Components: - Per-module symbol tables plus a module graph keyed by import paths. - Import resolution: map each import/use path to a symbol in the target module's table; handle glob imports with the rule that explicit local names win over glob-imported ones. - Two-step access: first resolve (does the name exist in the target module?), then check visibility (is the referencing site allowed to see it?). Produce distinct diagnostics — "no such name" vs. "private" — and compute effective visibility as the minimum along the access path (a pub item in a private module is private from outside). - Cyclic imports: use two-phase, interface-first resolution — declare every module's exported interface, then resolve bodies — which breaks cycles the same way collect-then-check handles forward references within a file. If the language forbids cycles (Go), detect and report them during graph construction. - Separate compilation: emit a stable module interface artifact (signatures only) that dependents resolve against, enabling incremental and parallel builds.

Question 35¶

Design a type checker so it can run incrementally in an IDE on every keystroke.
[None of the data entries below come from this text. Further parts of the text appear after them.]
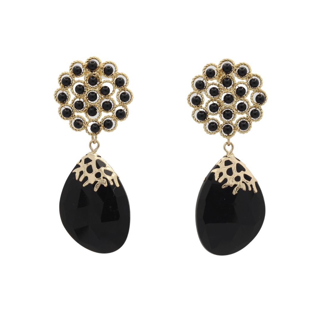 Stijlvol en krachtig: de Beaded Flower & Onyx oorstekers. Deze 6 cm lange oorbellen combineren zwarte onyx kraaltjes met een elegante druppelvormige onyx hanger. Tijdloos en chic in zwart en goud.
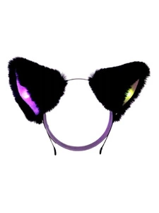 Opaska kocie uszy świecące LED futrzane czarne różowe miękkie strój bal karnawałowy cosplay
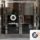 Office Window Cling with shutter image highlighting social icon and icon monogram.
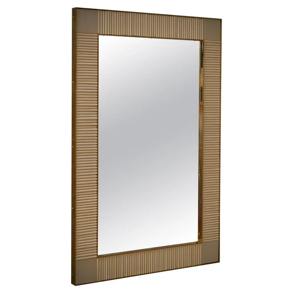 The Gawain Mirror is a lavish design statement with a regal, distinguished look. A beveled mirror is held within the rectangular beech wood frame, displaying a textural fluted pattern in a Champagne Silver finish with accents of Gold Coast. This gorgeous piece is affixed with French cleats and hangs in both portrait and landscape orientations.
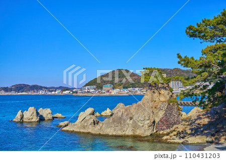 神奈川県三浦郡葉山町の森戸神社の裏手にある千貫松越しに北側の眺望
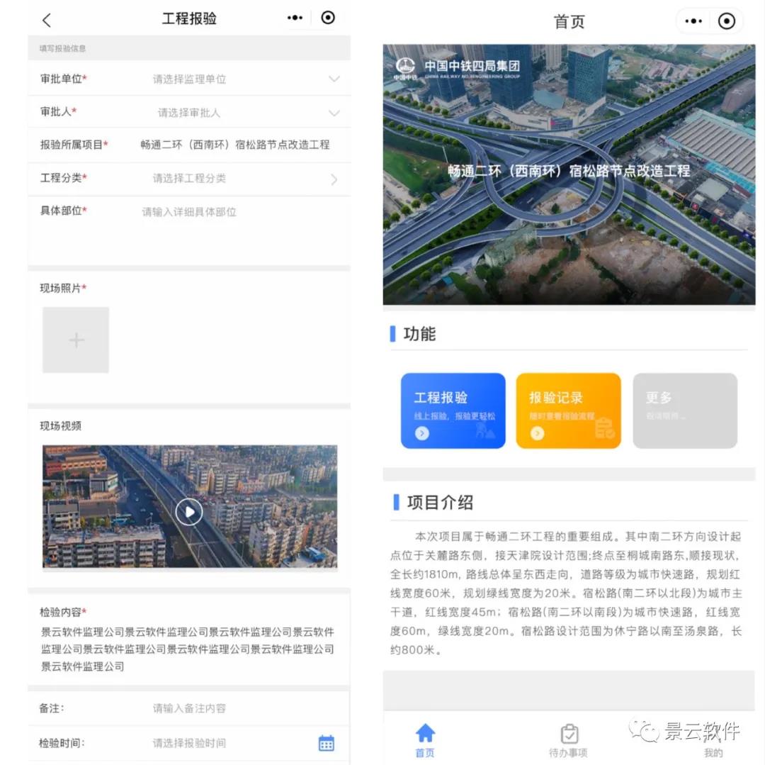 畅通二环报验平台是中铁四局集团针对合肥畅通二环宿松路节点工程施工报验环节开发的线上平台,由合肥景云软件承建开发,可实现线下施工报验线上提交一键审批,施工影像实时上传、自动归档、做到施工报验可审批,可查验、易归档、能追溯。

Restructure the front end from "run passes in order" to query-driven, demand-based analysis: - Express every semantic fact as a pure, memoized query: type_of(node), resolve(node), borrowck(fn), is_exhaustive(match) — each a function of its inputs with no hidden global mutation. - Track dependencies: record which sub-queries each query reads, so you can invalidate precisely. - Invalidate by dependency on edit: when a source span changes, invalidate only the queries whose inputs changed and, transitively, their dependents — everything else is a cache hit. (Real systems verify validity via a revision counter rather than naive transitive blow-away.) - Immutable syntax with structural sharing (Roslyn-style red-green trees) so unchanged subtrees are reused across edits and identity-based caching works. - Robust recovery is essential: IDE code is incomplete and full of errors on most keystrokes, so the analyzer must salvage and keep producing useful types/bindings for the valid parts.

The payoff: editing one function body re-runs only that function's (and its dependents') analyses, giving millisecond feedback instead of a full rebuild — the architecture behind rust-analyzer, Roslyn, and Swift's request-evaluator.